GSQ5: Link has come to town, come to save the princess Zelda

Being that October is the month that nebulously encompasses the vague anniversary of the American launch date for the NES, I’ve decided that every day this month will include an NES-themed post. This is not to say that other content won’t be showing up, but you can rest assured that there will be something NES-related to read every single day this month. Unless I miss an update or something. I am but a mere human.

Today’s update features Master Osterritter’s thesis on the glories of The Legend of Zelda, a game which, I have been told, is really rad. I don’t know about that, but it is incredibly engrossing, to the point that it caused me to suffer a terrible lack of social grace on at least one occasion. I had a friend over to hang out the same day that a different friend lent me his copy of Zelda and kind of… ended up ignoring the guest in favor of the game. He ultimately hung out with my brother all night, and they had a grand ol’ time, so all was well. But I do feel kind of embarrassed about that. On the other hand, I managed to clear the first four dungeons in that night, so at least I had something to show for my shameful rudeness.

For some reason, I still remember with startling clarity the act of beating the game a couple of weeks later. I was struggling my way through Death Mountain and had been making no progress for a few hours when my parents decided it was time to go mow the lawn, right now, no arguments. I grumbled as I pushed the mower for an hour in the brutal heat of a Texas summer afternoon, but, in a flash of either insight or heat stroke, suddenly visualized the solution to my problem as I reached the end of my ordeal. The instant I was finished with the yard, I was back on the NES, and within half an hour had struck the final, fatal blow against PRINCE DARKNESS ‘GANNON.’ And that is the amazing true story of how I finished Zelda while being incredibly filthy and stinky.

Three days later I completed the Second Quest. I’m not sure I knew the word “masochism” at that age, but I certainly understood the concept.

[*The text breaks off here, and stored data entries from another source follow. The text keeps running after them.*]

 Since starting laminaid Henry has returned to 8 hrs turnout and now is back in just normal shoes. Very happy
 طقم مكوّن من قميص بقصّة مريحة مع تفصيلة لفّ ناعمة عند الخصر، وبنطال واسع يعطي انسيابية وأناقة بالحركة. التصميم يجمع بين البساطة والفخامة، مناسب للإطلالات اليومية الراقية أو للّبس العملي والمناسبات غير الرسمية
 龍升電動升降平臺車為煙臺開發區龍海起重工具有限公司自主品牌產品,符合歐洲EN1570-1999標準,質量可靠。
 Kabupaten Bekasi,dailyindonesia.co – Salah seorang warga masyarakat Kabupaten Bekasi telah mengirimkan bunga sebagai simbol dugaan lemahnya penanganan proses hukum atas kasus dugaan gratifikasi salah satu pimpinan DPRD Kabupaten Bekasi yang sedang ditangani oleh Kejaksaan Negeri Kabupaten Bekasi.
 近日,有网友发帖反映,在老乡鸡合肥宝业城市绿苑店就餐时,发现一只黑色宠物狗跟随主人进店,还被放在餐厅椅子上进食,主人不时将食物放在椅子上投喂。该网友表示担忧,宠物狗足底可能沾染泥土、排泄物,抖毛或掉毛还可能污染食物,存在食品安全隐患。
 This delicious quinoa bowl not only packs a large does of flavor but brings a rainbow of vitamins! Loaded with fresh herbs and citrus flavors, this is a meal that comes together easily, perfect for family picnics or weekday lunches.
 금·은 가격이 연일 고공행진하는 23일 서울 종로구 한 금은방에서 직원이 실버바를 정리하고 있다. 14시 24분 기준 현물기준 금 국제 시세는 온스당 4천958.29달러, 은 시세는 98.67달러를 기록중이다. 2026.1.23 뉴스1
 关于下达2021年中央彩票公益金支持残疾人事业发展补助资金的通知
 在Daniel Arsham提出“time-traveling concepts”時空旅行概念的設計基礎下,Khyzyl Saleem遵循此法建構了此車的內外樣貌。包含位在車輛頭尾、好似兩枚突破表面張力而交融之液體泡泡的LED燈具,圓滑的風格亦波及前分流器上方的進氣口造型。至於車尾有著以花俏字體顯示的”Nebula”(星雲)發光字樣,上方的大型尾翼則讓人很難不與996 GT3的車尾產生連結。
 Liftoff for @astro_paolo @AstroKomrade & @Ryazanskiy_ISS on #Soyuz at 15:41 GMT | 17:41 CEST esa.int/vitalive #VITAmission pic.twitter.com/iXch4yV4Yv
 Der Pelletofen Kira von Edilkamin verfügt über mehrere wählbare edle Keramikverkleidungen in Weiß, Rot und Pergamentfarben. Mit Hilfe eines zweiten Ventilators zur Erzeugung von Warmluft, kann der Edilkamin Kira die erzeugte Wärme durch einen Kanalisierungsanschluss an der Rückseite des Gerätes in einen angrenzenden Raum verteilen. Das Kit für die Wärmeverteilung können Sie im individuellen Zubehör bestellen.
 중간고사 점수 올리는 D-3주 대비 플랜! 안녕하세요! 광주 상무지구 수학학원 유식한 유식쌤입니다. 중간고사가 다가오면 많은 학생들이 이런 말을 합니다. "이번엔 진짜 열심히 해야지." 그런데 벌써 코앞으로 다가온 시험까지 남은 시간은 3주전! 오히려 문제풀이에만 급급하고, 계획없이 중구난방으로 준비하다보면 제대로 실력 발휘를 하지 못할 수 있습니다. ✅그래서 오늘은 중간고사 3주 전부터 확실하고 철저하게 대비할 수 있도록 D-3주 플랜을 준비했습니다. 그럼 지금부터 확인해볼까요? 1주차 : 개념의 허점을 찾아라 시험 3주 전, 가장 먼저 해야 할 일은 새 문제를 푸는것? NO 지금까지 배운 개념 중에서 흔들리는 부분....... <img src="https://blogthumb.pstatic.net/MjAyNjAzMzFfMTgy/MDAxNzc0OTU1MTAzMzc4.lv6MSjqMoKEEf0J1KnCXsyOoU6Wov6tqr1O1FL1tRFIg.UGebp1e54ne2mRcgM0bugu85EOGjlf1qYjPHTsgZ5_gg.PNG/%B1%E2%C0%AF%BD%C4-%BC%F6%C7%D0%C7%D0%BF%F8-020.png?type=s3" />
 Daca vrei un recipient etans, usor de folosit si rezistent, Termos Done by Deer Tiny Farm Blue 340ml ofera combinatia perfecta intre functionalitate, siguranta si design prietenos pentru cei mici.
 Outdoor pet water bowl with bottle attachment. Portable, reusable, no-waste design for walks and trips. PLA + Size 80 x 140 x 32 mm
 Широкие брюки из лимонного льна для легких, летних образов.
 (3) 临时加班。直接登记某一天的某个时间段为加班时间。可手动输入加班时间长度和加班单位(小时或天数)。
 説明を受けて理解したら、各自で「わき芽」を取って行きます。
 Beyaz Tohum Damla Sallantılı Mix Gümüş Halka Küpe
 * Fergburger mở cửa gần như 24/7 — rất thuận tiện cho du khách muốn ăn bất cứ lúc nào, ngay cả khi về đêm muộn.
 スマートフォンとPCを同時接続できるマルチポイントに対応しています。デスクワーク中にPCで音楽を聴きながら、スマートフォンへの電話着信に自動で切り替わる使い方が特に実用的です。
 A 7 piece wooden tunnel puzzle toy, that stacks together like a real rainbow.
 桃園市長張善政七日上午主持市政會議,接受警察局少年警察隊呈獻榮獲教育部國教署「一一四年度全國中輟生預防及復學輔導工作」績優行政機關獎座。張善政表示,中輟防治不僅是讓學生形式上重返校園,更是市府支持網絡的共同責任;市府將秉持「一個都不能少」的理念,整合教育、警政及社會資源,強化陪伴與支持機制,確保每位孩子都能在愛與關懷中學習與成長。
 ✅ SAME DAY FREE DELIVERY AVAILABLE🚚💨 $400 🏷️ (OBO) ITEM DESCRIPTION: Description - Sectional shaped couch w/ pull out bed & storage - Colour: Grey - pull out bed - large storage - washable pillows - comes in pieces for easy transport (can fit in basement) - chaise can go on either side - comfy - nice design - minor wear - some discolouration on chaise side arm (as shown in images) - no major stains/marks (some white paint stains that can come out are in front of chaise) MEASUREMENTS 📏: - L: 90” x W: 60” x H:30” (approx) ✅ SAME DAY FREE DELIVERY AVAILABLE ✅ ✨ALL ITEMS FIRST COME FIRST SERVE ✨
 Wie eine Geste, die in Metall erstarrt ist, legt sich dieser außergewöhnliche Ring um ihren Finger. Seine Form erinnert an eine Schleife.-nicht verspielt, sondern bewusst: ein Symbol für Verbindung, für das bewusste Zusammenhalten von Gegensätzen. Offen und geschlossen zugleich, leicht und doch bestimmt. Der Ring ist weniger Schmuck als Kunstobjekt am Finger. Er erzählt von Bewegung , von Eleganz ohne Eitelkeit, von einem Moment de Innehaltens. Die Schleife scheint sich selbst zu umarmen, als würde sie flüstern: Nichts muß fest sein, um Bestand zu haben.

8 thoughts on “GSQ5: Link has come to town, come to save the princess Zelda

  1. Man, I’m still a sucker for the original manual art (as in the banner above) for the first two Zelda games. I’d like to see Nintendo craft a Zelda game someday that looked like that than the LOTR/Tron-skewed weirdness of Twilight Princess.

  2. I wonder why the other Zelda games don’t have second quests (besides Ocarina)? Seems like an easy way to extend the value of the game…

  3. Mudron, I am the exact same way about Link to the Past/Link’s Awakening. That classic 70s/80s anime look, shades of Gatchaman; it just really works for me.

  4. The funny part is that – from a truly objective point-of-view – the anime-style art in those manuals sn’t even necessarily all that great (the bits taking place in Hyrule Castle were pretty generic fantasy-castle fluff), but that art did such a great job helping flesh out the world presented in those spartan graphics that as a kid, you couldn’t help but get jazzed when you saw what it was *supposed* to look like when Link gets attacked by a fire-breathing Ironknuckle.

  5. @Refa: I’d assume it’s easier to do alternate dungeon designs when your dungeons are made up of a limited pool of room layouts that mainly differ in contents and door locations. OoT’s Master Quest was sorta neat, but it felt like more of a “more agitating puzzles edition” than a for real second quest.

    Maybe it’s just because it has maps and shops and medicine and healing faeries, but The Legend of Zelda feels like it’s aged a lot better than Metroid has.

  6. As someone who grew up with a SNES as my first console, I always find the NES progenitors of my favourite games very hard to play. They just don’t click for me I guess. I can (and irregularly do) play through Link To The Past and Super Metroid start to finish just about with my eyes closed, but have repeatedly failed to get far into this or Metroid. I can understand the love, but I can’t recommend to anyone who never had a NES as a kid that they should play them.

  7. I enjoyed your anecdote about Zelda consuming your social life. My brother pestered me to go with the playground with him one afternoon when I was on the sixth dungeon. After I ignored him for a half hour, he ejected the cart and had me chase him outside, whereupon he smashed it on the driveway. Thus, the spell was broken.

  8. This was actually one of the first NES games I ever witnessed. I visited a classmates house, and was enthralled the whole time to see the bit of the game he was playing. Guess I was doomed from that point.

    Ironically, the game I asked for, however, was Zelda 2 when I got my NES. And despite it differing wildly from the first, I enjoyed it a lot (when I wasn’t stuck, dang it!).

    Anyway, Zelda was eventually acquired from the semi-local pawn shop, and all was right in the world.